Late last month, Jason Gregor looked back at the NHL draft from 1996 to 2005, in an attempt to put a value on NHL draft picks. Gregor’s far from the first to do so; after the jump I’ll look at his work and that of others to see what we can say about the NHL Draft.
Jason Gregor’s Take
Let’s start with Jason’s article. There are a lot of things to like about it; in particular the fact that the dataset is huge (10 years, ~2700 players) and the criteria is relatively straight-forward. That said, there are two things that I think could be improved: first, there is some subjectivity in the player ratings, and second Gregor breaks things down by round, meaning that we don’t know how much difference there is between a top-10 selection and a 10-20 selection. The latter is more of a problem than the former, as we will see later on.

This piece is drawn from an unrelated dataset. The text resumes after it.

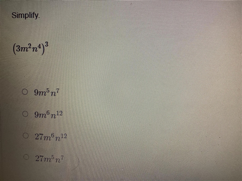 You can solve this by looking at the exponent (3) outside of the parenthesis. Then you multiply the exponent and all of the numbers inside of the parenthesis and get your answer.
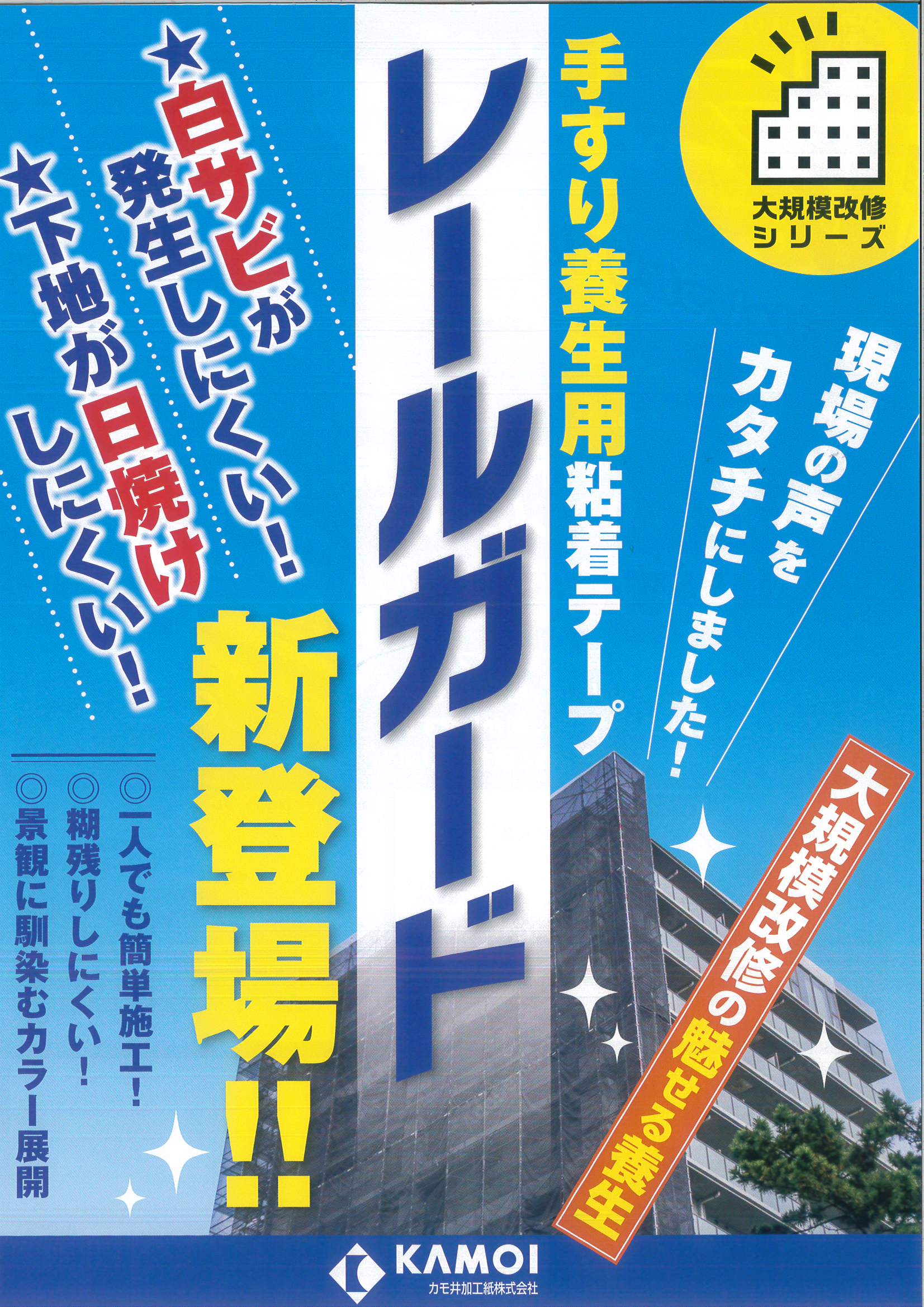 手すり養生用粘着テープ【レールガード】新発売 2025.10.30 手すり養生用粘着テープ【レールガード】2025年10月14日発売・出荷開始! ※従来品【トップガード】につきましては、在庫がなくなり次第廃番となりますので ご注文の際は、弊社営業担当までお問い合せ下さいませ。 🔗手すり養生用粘着テープ【レールガード】詳細はこちらをクリック

It’s still quite a good article, and the key points I took from it were as follows:
- A first round selection is far more valuable than any other selection – a player taken in that range has a slightly better than 60% chance of turning out to be a “decent” or better player; nearly three times the rate of the second round.
- Second and third round picks are a cut above the rest of the draft, although the chances of landing a “decent” or better player are quite low: a little better than 1 in 5 for the second round, and slightly better than 1 in 7 for the third round.
- There’s little difference between picks made from the fourth to ninth rounds of the draft; over those rounds players are roughly half as likely to develop into a “decent” or better player as a third round pick.
Scott Cullen’s Take
Over at TSN, numbers guy Scott Cullen did something similar to Gregor’s article in mid-2009. Like Gregor, he used a 10-year period (1995 to 2004) and subjective rankings. However, Cullen broke the draft numbers down into groups smaller than full rounds – groups of five for the first 60 picks, and then groups of 15 afterwards. A few months later, Cullen clarified things even further for the first round – using 30 drafts and breaking down the top thirty picks by each draft spot.
The key points I took from Cullen’s work:
- There’s a huge gap between a top-three selection and a four through six selection, which is followed by another gap between the sixth spot and the rest of the draft.
- Again, there’s a big drop between the first round and the second/third rounds, and another big drop from about the 100th pick on, at which point things flatten out – there’s very little difference between drafting 105th and 195th.
- A player taken after the first round but in the first hundred picks has roughly a one-in-three to one-in-four shot at hitting the 100-game plateau in the NHL.
The Hockey Prospectus Take
Again from the summer of 2009, articles by two different writers at Hockey Prospectus. Richard Pollock considered both first round selections and late round selections, while Tom Awad considered the entire draft. Pollock uses both points and games played, while Awad uses Goals-Vs.-Threshold, a unified statistic that compares the value players of all positions generate above replacement-level players.
All the articles are good, but Awad’s method does the best job of comparing players across position objectively, and I like the fact that he weights his findings to reflect the fact that immediate production is better than later production. Plus, his fitted graph does the best job of showing how precipitously draft pick value drops off.
- The first few picks in the draft – especially those in the top five – are vastly superior to other picks, including picks later in the first round.
- Once again, picks outside the first round but in the top-100 are roughly equivalent in value – there is some value in having a higher pick, but that value is not especially strong.
- After the first 100 or so picks, there is almost no difference in the value of a draft pick.
Despite the different methods used and the various writers employing them, the findings from one article to another are extremely similar. I would argue the following, based on the data presented:
Get top-five picks. The top picks in the first round are very, very valuable. Teams moving up into this range cheaply are getting real value. Generally it costs an arm and a leg to acquire a marquee pick, but there are exceptions – for instance, Tampa Bay’s trade of the fourth overall pick in 2002 to Philadelphia for Ruslan Fedotenko.
After the top-five, move down in the first round. Teams trade up all the time to snag players that they like in the first round, but as a rule it is a very bad idea. Teams trading down don’t really lose much value, especially if they aren’t trading down very far.
Top-100 picks outside the first round are not especially good, and are virtually interchangeable. These picks are all about quantity over quality; good players are there to be found but the odds are stacked against any individual selection. Trading a mid-second round pick for two third round selections would seem to be a wise move the majority of the time.
Picks outside the top-100 are all but interchangeable. These picks are all about quantity. Every selection is a long-shot, teams play hunches and snag the favourites of regional scouts, and basically there is very little to separate the players involved except the biases of individual teams and who their scouts have seen.
Contending teams can trade mid- to late-round picks with minimal reluctance. Draft picks after the first round, and especially those outside the top-100, can be spent with almost no hesitation on actual players. For a contending team, acquiring depth or quality via draft picks is an extremely sound strategy.